Whatever. That was just fine with me. I was glad I hadn’t bumped into her, either.
I spun a half-turn and raised my left arm to the sky. My muscles felt sore from yesterday’s conditioning—push-ups and pull-ups—but it felt good to be gaining strength.
Back inside, Amelia pulled knee-high socks over her jeans.

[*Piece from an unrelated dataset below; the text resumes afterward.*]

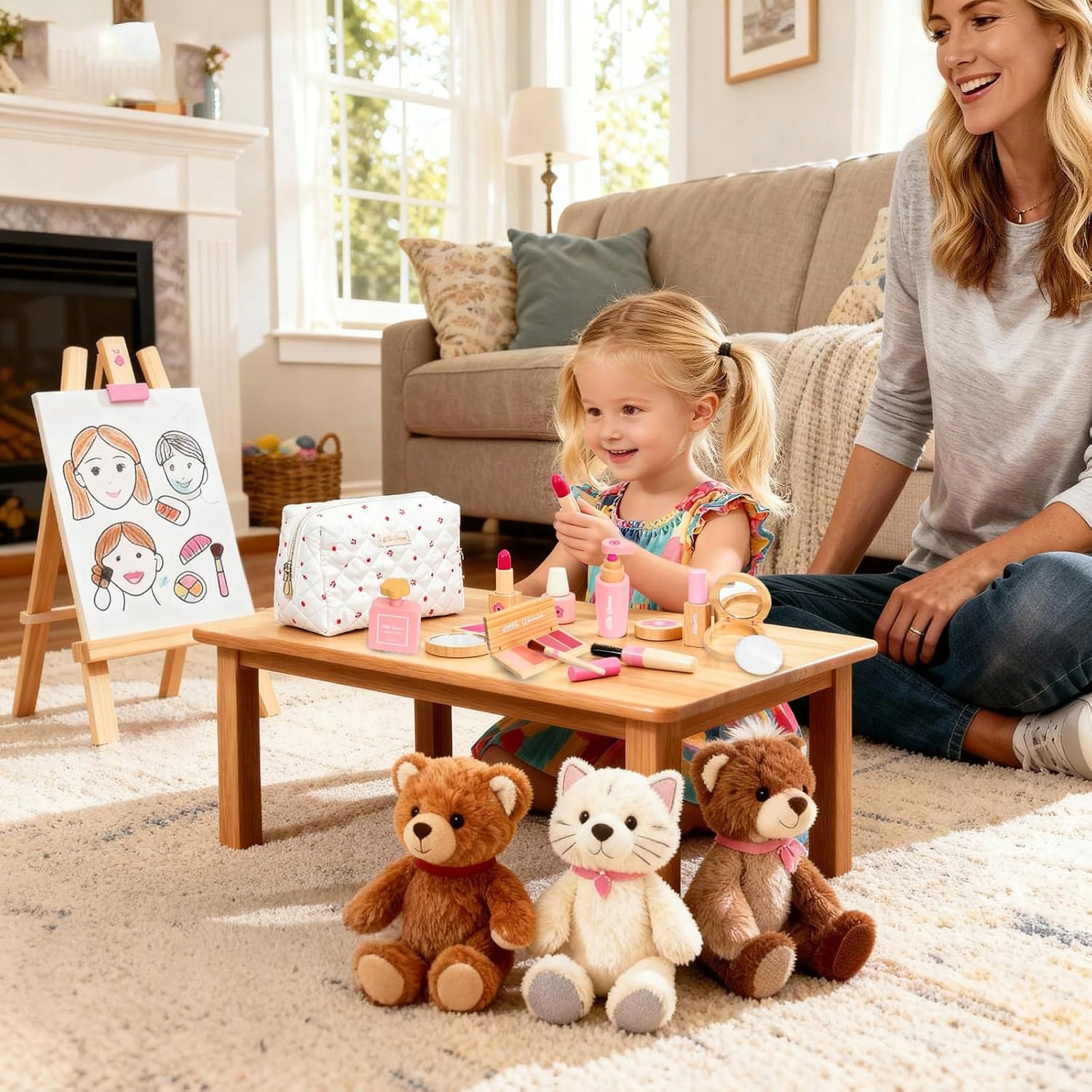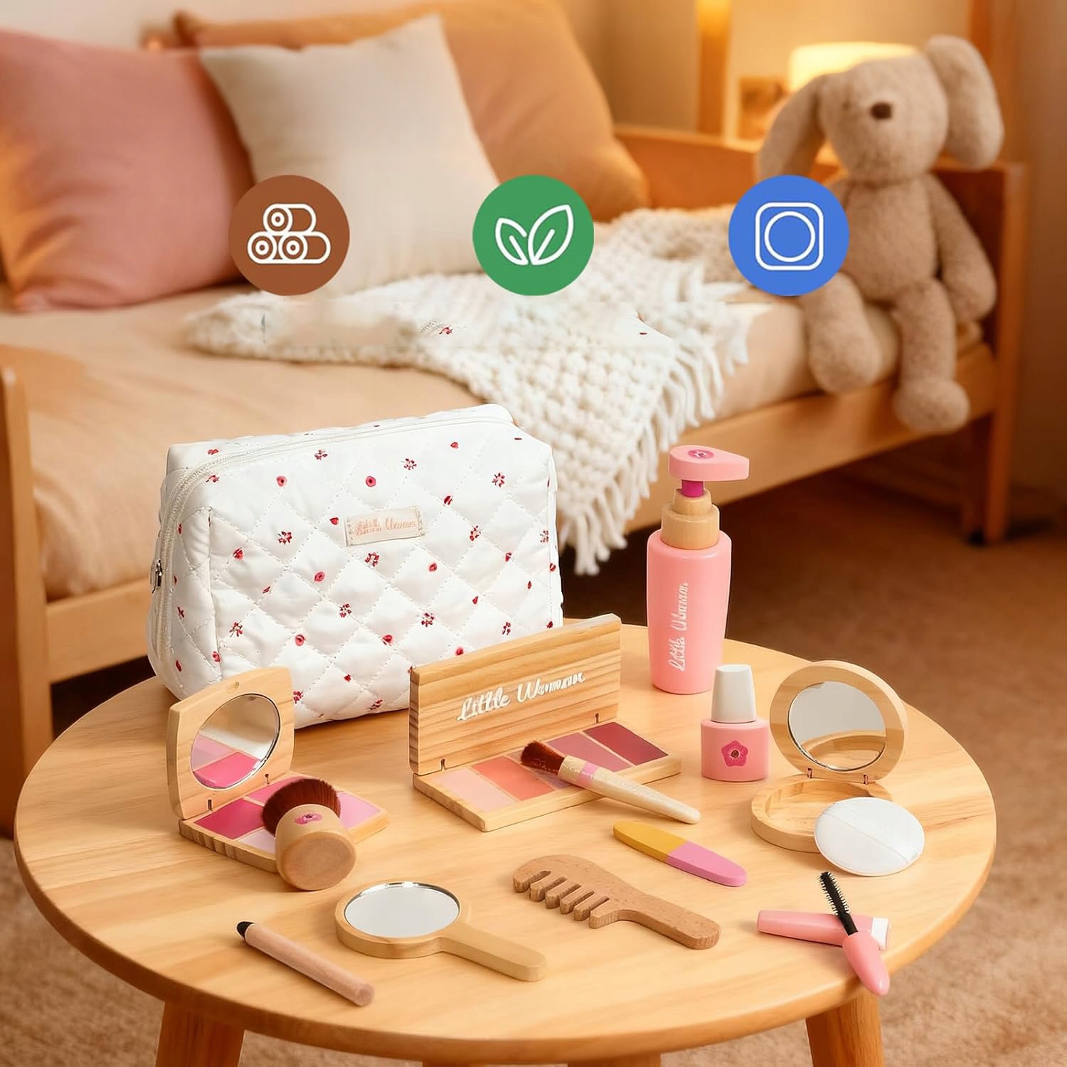 Наші вироби ретельно виготовлені з твердої деревини, характеризуються гладкою полірованою поверхнею та нетоксичною, екологічною фарбою на водній основі без запаху. Наші дерев’яні набори для макіяжу не тільки дозволяють дітям відчути радість імітації макіяжу, але й запобігають плямам і пошкодженням ніжної шкіри, забезпечуючи безпечне середовище для вашої дитини.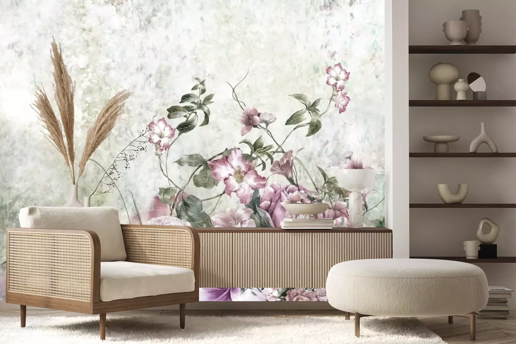 Het materiaal Premium+ is een gestructureerd vinyl op vlies met een gewicht van 255 g/m², dat kleine oneffenheden in de muur effectief camoufleert. De subtiele structuur van fijn zand geeft het oppervlak een exclusieve uitstraling, terwijl de halfmatte afwerking de diepte van de kleuren benadrukt. Het materiaal is dampdoorlatend, waardoor het ook in de keuken en badkamer kan worden gebruikt. De maximale breedte van één baan bedraagt 100 cm – bij grotere afmetingen wordt het fotobehang in meerdere gelijke banen verdeeld. De lijm wordt direct op de muur aangebracht en het behang wordt rand-aan-rand geplakt, wat zorgt voor een esthetisch resultaat zonder zichtbare naden. Het oppervlak kan gemakkelijk worden schoongemaakt door het voorzichtig af te nemen met een vochtige doek.

“That looks ridiculous,” I told my little sister.
“What? They’re waterproof!”
Sometimes it takes us Shillings a whole ten minutes to get out the door. But today I didn’t sulk on the couch. Instead, I tucked Hamlet back into her Cave and secured the baby gate in front of it, and then waited patiently on the front stoop until Dad honked the horn from the van out front. We were off!
The tree farm was a twenty-minute drive outside the city. It smelled fresh like pine needles and as earthy as garden soil, and it felt about fifty degrees colder than in our backyard. My boots sunk into deep snow out here, too.
I took another sip of my still-warm cider as we wandered through the trees. Almost immediately, Sarah and Ellen decided on different trees. They rarely agreed on anything these days.
“But Dad, this is a Douglas fir,” Ellen said, as if it was the most obvious thing in the world. “Its needles won’t drop as fast. Who wants to sweep up needles every day? Good luck with a blue spruce. And it’s not even fragrant, Sarah. Isn’t that the whole point of live Christmas trees? We might as well buy an artificial tree if we get that thing.” Ellen made a face at Sarah, who was examining the branches of a nearby tree.